Over the same period, increases in the value of domestic exports were recorded for electrical machinery, apparatus and appliances, and electrical parts thereof (by $2.1 billion or 32%); and manufactures of metals (by $173 million or 16%).
The value of imports increased by 24% over a year earlier to $130.3 billion in January 1996.
Changes in the value of imports from 10 main suppliers are shown in Table 5.
Comparing January 1996 with January 1995, the value of imports from all main suppliers showed increases of various magnitudes: Italy (+69%), Malaysia (+57%), Germany (+44%), the United States (+35%), Taiwan (+33%), the United Kingdom (+28%), South Korea (+25%), Singapore (+20%), Japan (+19%) and China (+15%).
Comparing the three months ending January 1996 with the three months ending January 1995, the value of imports from all main suppliers showed increases of various magnitudes: Malaysia (+43%), Italy (+40%), the United States (+28%), Singapore (+17%), South Korea (+16%), Taiwan (+15%), Germany (+9.7%), China (+9.3%), the United Kingdom (+8.4%) and Japan (+7.6%).

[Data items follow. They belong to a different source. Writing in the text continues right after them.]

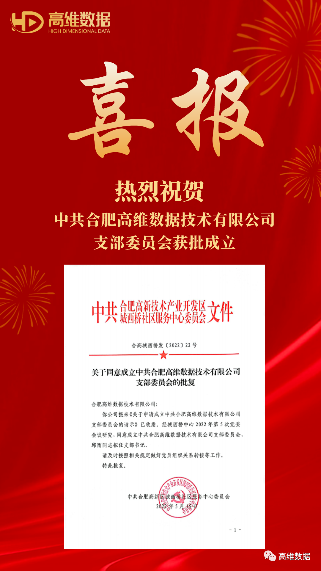 中共合肥高维数据技术有限公司支部委员会成立于2022年5月,现有正式党员5名。 合肥高维数据技术有限公司党支部是隶属于合肥高新区城西桥社区服务中心党委,在党委领导下,切实把党建工作与企业发展有机结合,围绕公司核心工作,充分发挥党组织的政治引领作用和党员的先锋模范作用。 公司党支部的成立是公司全体党员政治生活中的一件大事,也是强化支部党员党性和增强党员意识的重要抓手。党支部以创建品牌党建为目标,充分发挥党员在日常工作、学习研究、工作纪律、职能支撑等方面的先锋模范作用。
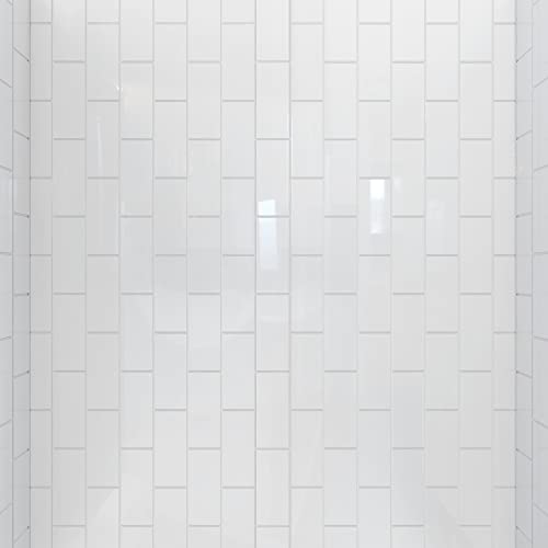 - Shower base installation is direct to stud; White, trim-to-size shower walls are glue-up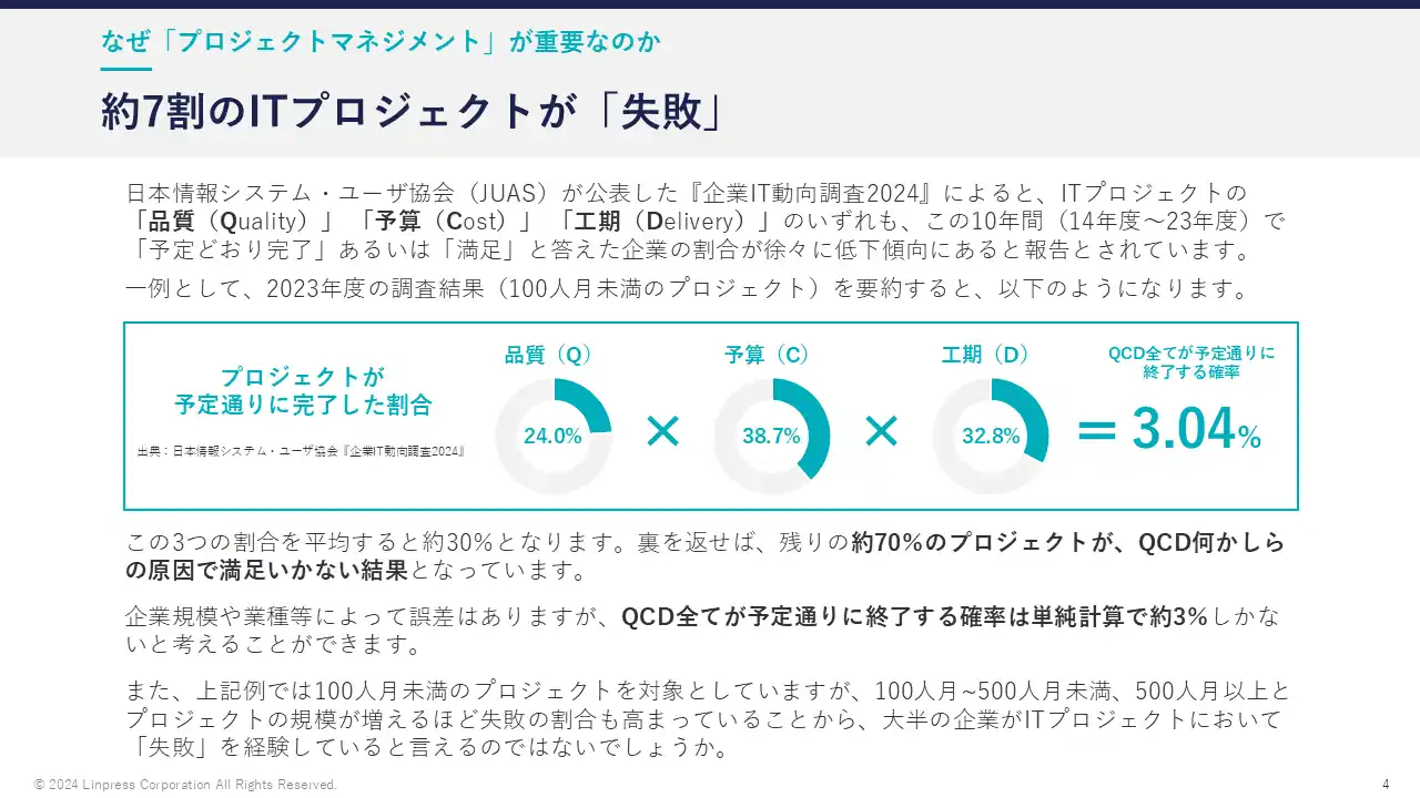 ITプロジェクトの「品質(Quality)」 「予算(Cost)」 「工期(Delivery)」のいずれも、この10年間(14年度~23年度)で「予定どおり完了」あるいは「満足」と答えた企業の割合が徐々に低下傾向にあると報告とされています。 |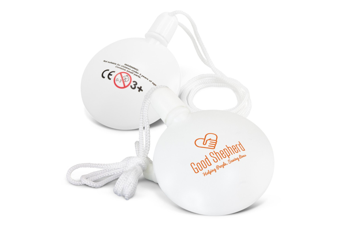 Fun bubble making kit with a lanyard and a secure screw cap which has a bubble wand attached. It contains 30ml of non-toxic, non-staining bubble making liquid.

Table 6 shows changes in the value of imports of 10 principal commodity
divisions.
Comparing the three months ending January 1996 with the three months ending January 1995, increases were recorded in the value of imports of most principal commodity divisions. More notable increases were registered for electrical machinery, apparatus and appliances, and electrical parts thereof (by $8 billion or 20%); office machines and automatic data processing machines (by $5.1 billion or 36%); telecommunications and sound recording and reproducing apparatus and equipment (by $3.7 billion or 11%); miscellaneous manufactured articles consisting mainly of baby carriages, toys, games and sporting goods (by $2.1 billion or 9.5%); general industrial machinery and equipment, and machine parts (by $1.9 billion or 23%); and textiles (by $1.8 billion or 6.1%).